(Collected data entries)

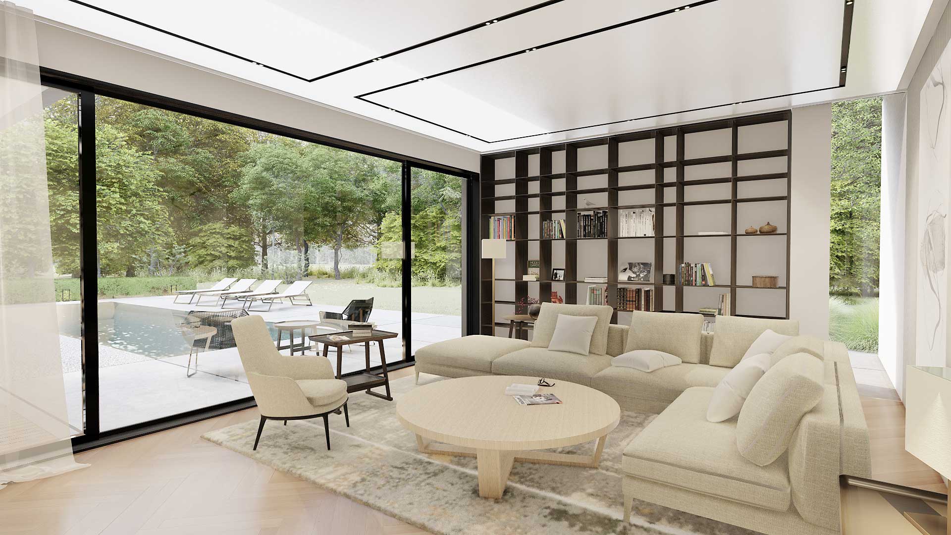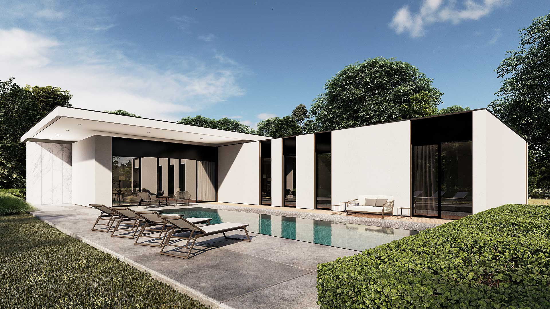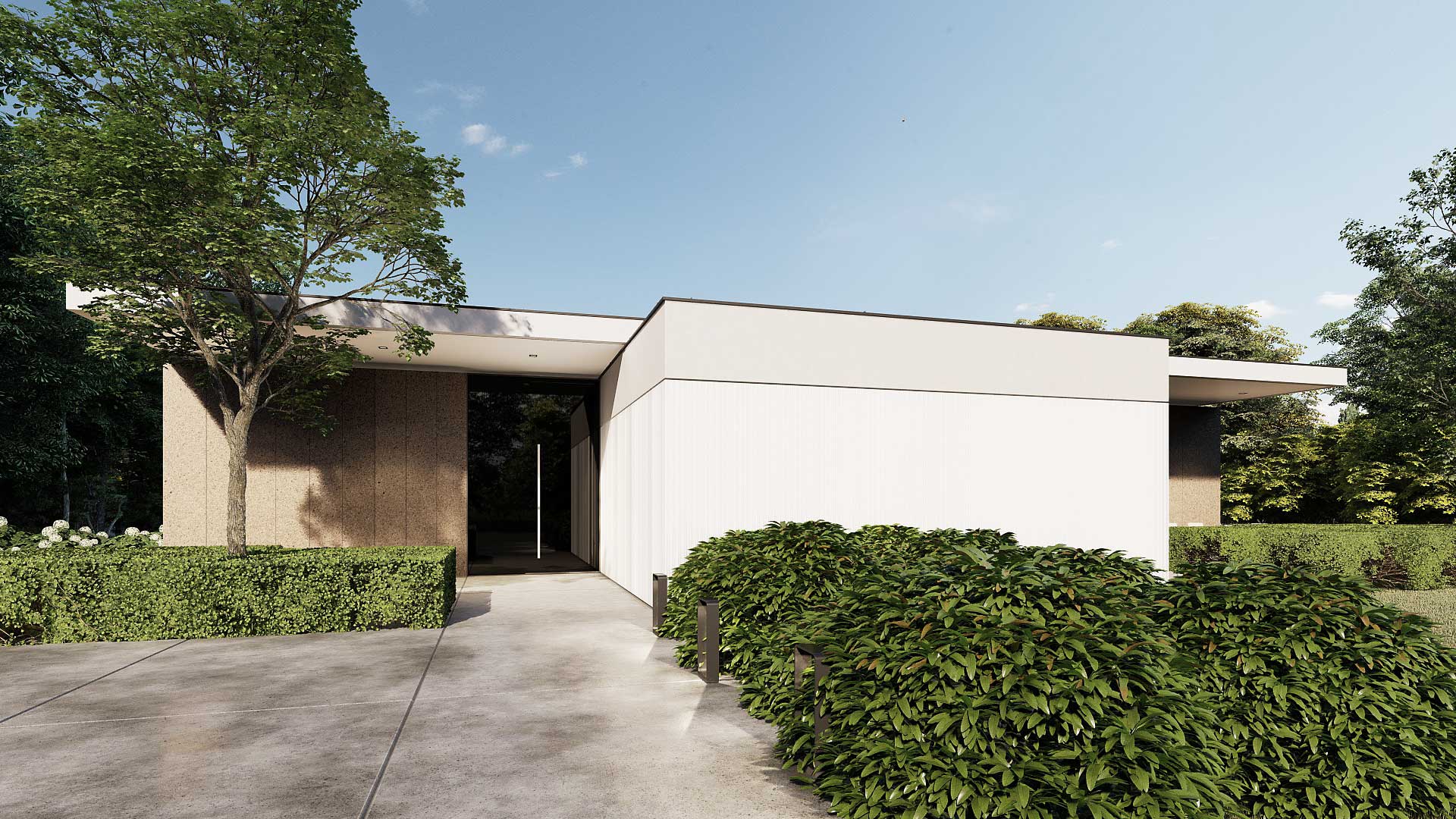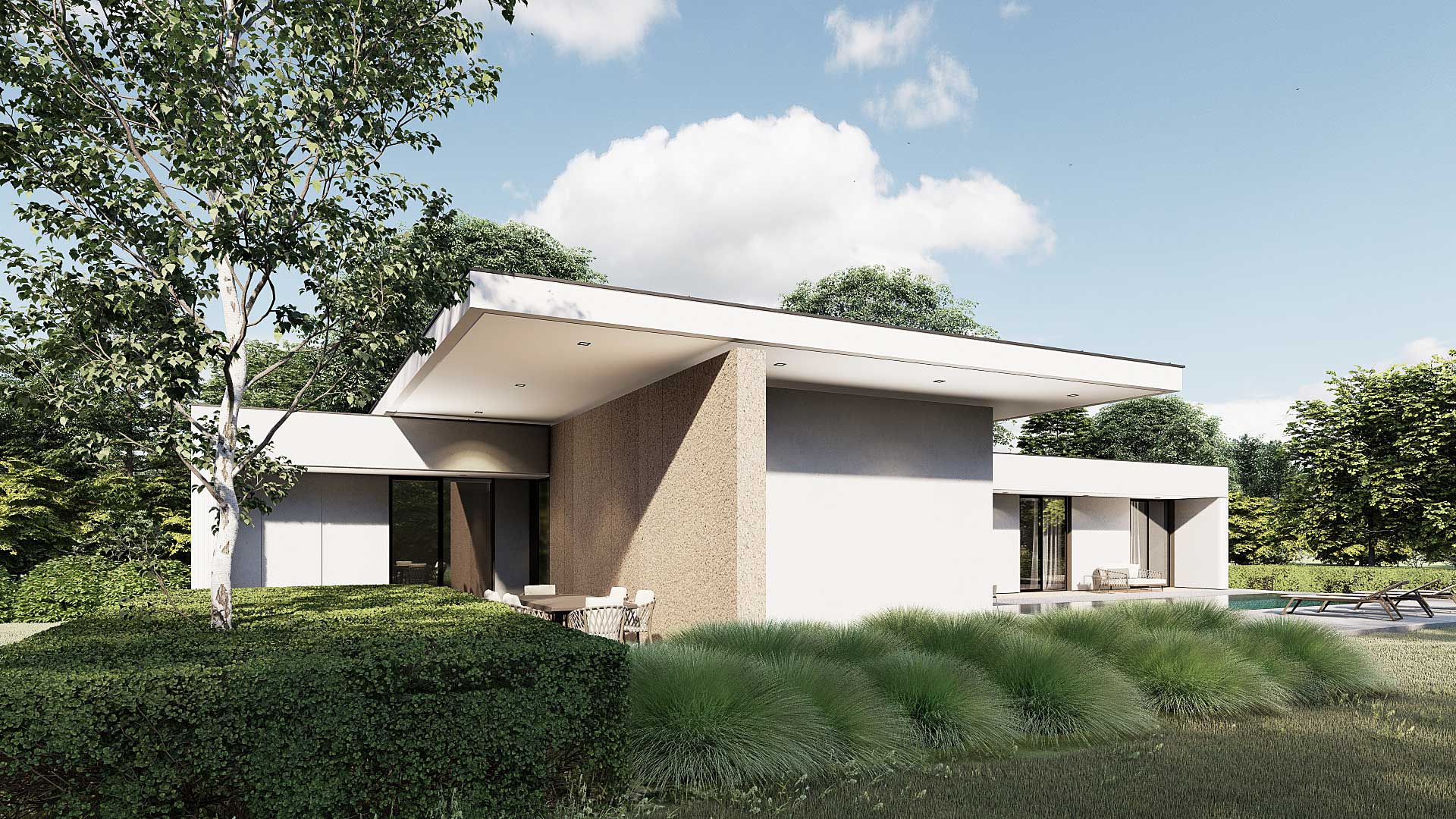 Der rechteckige Entwurf orientiert sich zum den Garten. Der Eingangsbereich gibt die Raumstruktur vor. Der Wohnraum erstreckt sich weiter nach Süden und bietet den Blick in den Garten. Die Schlafräume verlaufen rechtwinklig nach Osten und sind auch auf die südliche Gartenlandschaft ausgerichtet. Der große zentrale Raum mit einer tiefen Nische bietet verschiedene Möglichkeiten, um sich zu unterhalten und Freizeit zu verbringen. Die Küche ist direkt mit der Terrasse und dem Kräutergarten verbunden. Eine zusätzliche Qualität aller Wohnräume sind die überdachten Terrassen, die einen Zwischenraum zwischen Innenraum und Natur darstellen. Die Gestaltung der Umgebung schafft zusammen mit dem Gebäude eine Harmonie mit unterschiedlichem Ambiente.
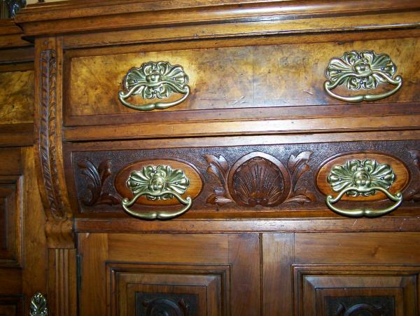 Possibly walnut. No veneer except on the 3 drawer fronts and it looks like burl. Original brass hardwear. 100% wood. Top is 1/2 inch thick solid plank. Has cellaret drawer in sideboard. Had a hutch at one point. Hand carved doors and drawer front, middle 2 stick out then curve back in.... No idea of the date or origin. Help please, whats the wood and value? Thank you
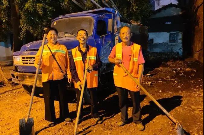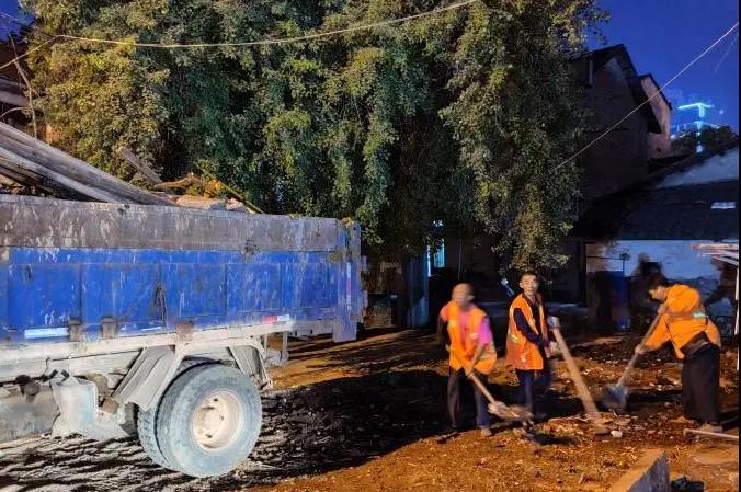 另一边,在昏黄的灯光下,环卫工严利员、凌快如、刘命辉三人还在飞快地挥铲,将地上的杂物装车。他们所处的地方,原本有一个废旧的棚子,破败不堪,就立在路边。为了将这个棚子清理干净,他们已经整整干了一天了。
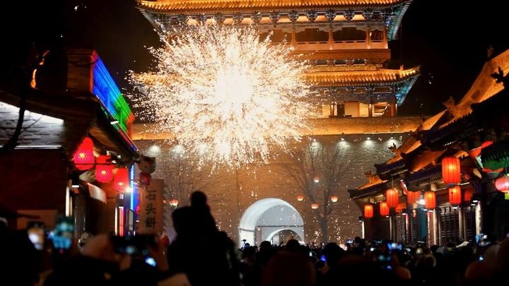 古城夜经济也是活力满满,《遇见秀容》、打铁花等演出吸引大量游客,夜晚的古城,游客数量不减反增。
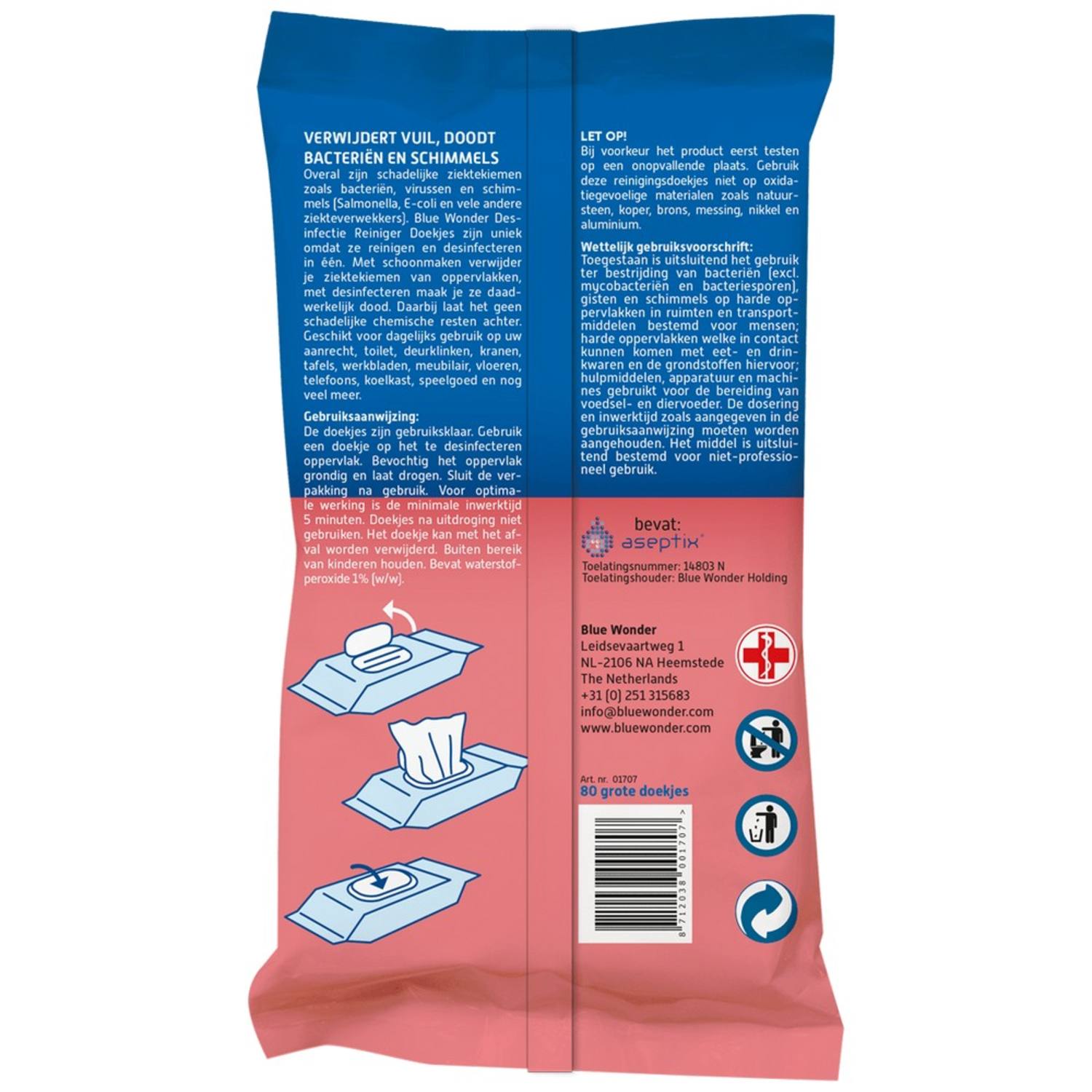 Overal zijn schadelijke ziektekiemen zoals bacteriën, virussen en schimmels (Salmonella, E-coli en vele andere ziekteverwekkers). Blue Wonder Desinfectie Reiniger Doekjes zijn uniek omdat ze reinigen en desinfecteren in één. Met schoonmaken verwijder je ziektekiemen van oppervlakken, met desinfecteren maak je ze daadwerkelijk dood. Daarbij laat het geen schadelijke chemische resten achter. Geschikt voor dagelijks gebruik op uw aanrecht, toilet, deurklinken, kranen, tafels, werkbladen, meubilair, vloeren, telefoons, koelkast, speelgoed en nog veel meer.
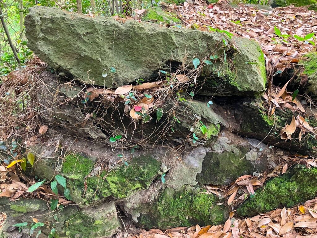 よく見ると足元は舗装されたような跡もあるし、斜面側の岩も頑丈そうでしっかりしている。
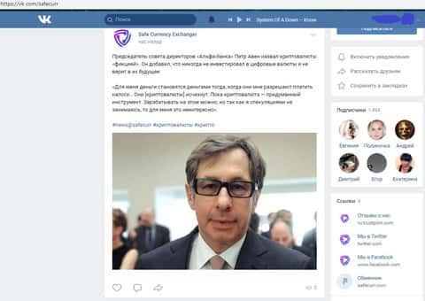 Так же имеется у лохотрона Safe Currency и страница в социальной сети Вконтакте, где шулера Сейф Карренси имеют около тысячи подписчиков, что подтверждает факт того, что аферисты Safe Currency ориентируются именно на русскоязычную аудиторию, которую в дальнейшем нагло кидают на деньги. На изображении, расположенном ниже, вы можете увидеть страницу шулеров Сейф Карренси в социальной сети Вконтакте.
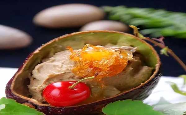 2、把牛油果取果肉,连同花生酱、蛋黄酱和蜂蜜一起放入手持搅拌机,打匀以后再装入牛油果的壳内,最后摆放上血燕,并点缀好樱桃和薄荷叶,即成。
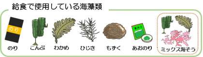 今日の給食では、みそ汁の具として「わかめ」を使用しています。

▶ [WORK ITEM]: Your reply should hold only the lines from the one that contains "Так же имеется" through the last line of the records above, exact and complete, and no pictures.

▶ [WRITTEN ANSWER]:
 Так же имеется у лохотрона Safe Currency и страница в социальной сети Вконтакте, где шулера Сейф Карренси имеют около тысячи подписчиков, что подтверждает факт того, что аферисты Safe Currency ориентируются именно на русскоязычную аудиторию, которую в дальнейшем нагло кидают на деньги. На изображении, расположенном ниже, вы можете увидеть страницу шулеров Сейф Карренси в социальной сети Вконтакте.
 2、把牛油果取果肉,连同花生酱、蛋黄酱和蜂蜜一起放入手持搅拌机,打匀以后再装入牛油果的壳内,最后摆放上血燕,并点缀好樱桃和薄荷叶,即成。
 今日の給食では、みそ汁の具として「わかめ」を使用しています。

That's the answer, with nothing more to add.